It is quite possible that there is no other population as passionate, expressive and full of life as the denizens of Italy--and Rome especially. In Paulo Sorrentino's (of This Must Be the Place acclaim) La Grande Bellezza, this fact is exuded in every frame--each one dripping with more decadence than the last. An obvious descendant of Marcello Mastroianni as Guido Anselmi in 8 1/2 (though many have compared the movie to La Dolce Vita), Jep Gambardella (Toni Sevillo) is a writer with a penchant for high society and throwing parties. The characters he encounters as he enters his sixty-fifth year (and, as a sixty-five year old, he parties much more intensely than anyone in their early twenties) reveal a different piece of the evocative collage that is Rome and life.
Beginning with one of the most unforgettable party scenes ever committed to film, Jep looks on at his eclectic collection of guests as one of the most quintessentially European dance tracks is played in the background. While everyone else is enthralled and enraptured by the throes of a good time, Jep remains unfazed, introducing himself by saying:
"To this question, as kids, my friends always gave the same answer: 'Pussy.' Whereas I answered 'The smell of old people's houses.' The question was 'What do you really like the most in life?' I was destined for sensibility. I was destined to become a writer. I was destined to become Jep Gambardella."
After the night of his birthday, Jep undergoes something of a vision quest--though it's really more of a visual rumination on his time in Rome, and what's it's all amounted to. The only novel he ever wrote, The Human Apparatus, came out decades ago when he was in his late twenties. Since then, Jep has relied on writing robust cultural articles for a magazine run by a female dwarf named Dadina (Giovanna Vignola). It is through this means that he has been able to cultivate his lifestyle as the king of making any party a success or failure. Throughout the course of the film, a number of people ask him why he never wrote another novel after his first masterpiece (he didn't even bother Salingering it with a few short story collections here and there). To one person--a Mother Theresa-like saint named Santa Maria--he explains, "I was looking for the great beauty, but I never found it."

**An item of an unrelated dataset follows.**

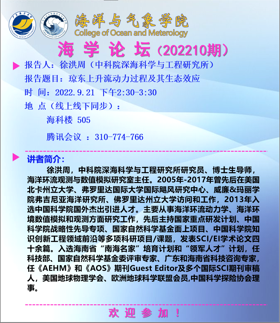【学术报告预告】william英国中文“海学论坛”(202210期)

The great beauty he once found to inspire him was his first love, Elisa, who broke up with him in September of 1970. He is reminded of this time period after Elisa's husband finds him in the wake of her death to tell Jep that she never stopped loving him and wrote just that in a secret diary he discovered. This revelation prompts Jep to reflect intensely, even revisiting an old friend who owns a strip club to catch up and talk about old times. It is there that he encounters the owner's 42-year-old daughter, Ramona (Sabrina Ferilli), who he finds attractive on a cerebral level after she says, "Maybe beautiful things aren't for me." Although he does like her (as much as a jaded sixty-five year old man can like a woman), he is, at the same time, distracting himself from his own boredom.

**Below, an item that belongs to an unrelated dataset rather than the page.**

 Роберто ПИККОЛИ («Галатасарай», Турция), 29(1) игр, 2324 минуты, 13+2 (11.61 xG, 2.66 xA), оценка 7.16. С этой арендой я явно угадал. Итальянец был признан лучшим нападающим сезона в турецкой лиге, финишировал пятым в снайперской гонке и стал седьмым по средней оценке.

Ramona's spending habits are apparently what force her to continue stripping, even though she won't tell anyone where all her money goes. She ultimately confesses to Jep that she puts it all toward "curing [her]self." The many layers of this statement is indicative of Rome itself: Youth- and diversion-obsessed, two fixations that can prove to be rather expensive. Later in the narrative, Santa Maria appears to put the exorbitant lifestyle of Jep and his inner circle to shame as she asserts, "I took a vow of poverty. That means I must live it. Not talk about it."
And this "living" as opposed to "talking" is one of the sources of Jep's issues with returning to writing--he is far too busy with frivolity to concern himself with real action. There is also the film's opening quote to take into account, extracted from Louis-Ferdinand Céline's Journey to the End of Night, which states, "To travel is very useful, it makes the imagination work, the rest is just delusion and pain." Jep's attachment to Rome, his seeming inability to leave it is a part of what has made him static, a caricature of the party scene. Nonetheless, it is often the case that our bane is our inspiration. In a way, we're all writing the unwritten novel of our lives, whether we're actively contriving the direction or not. It is as Jep says: "Beyond there is what lies beyond. And I don't deal with what lies beyond. Therefore, let this novel begin."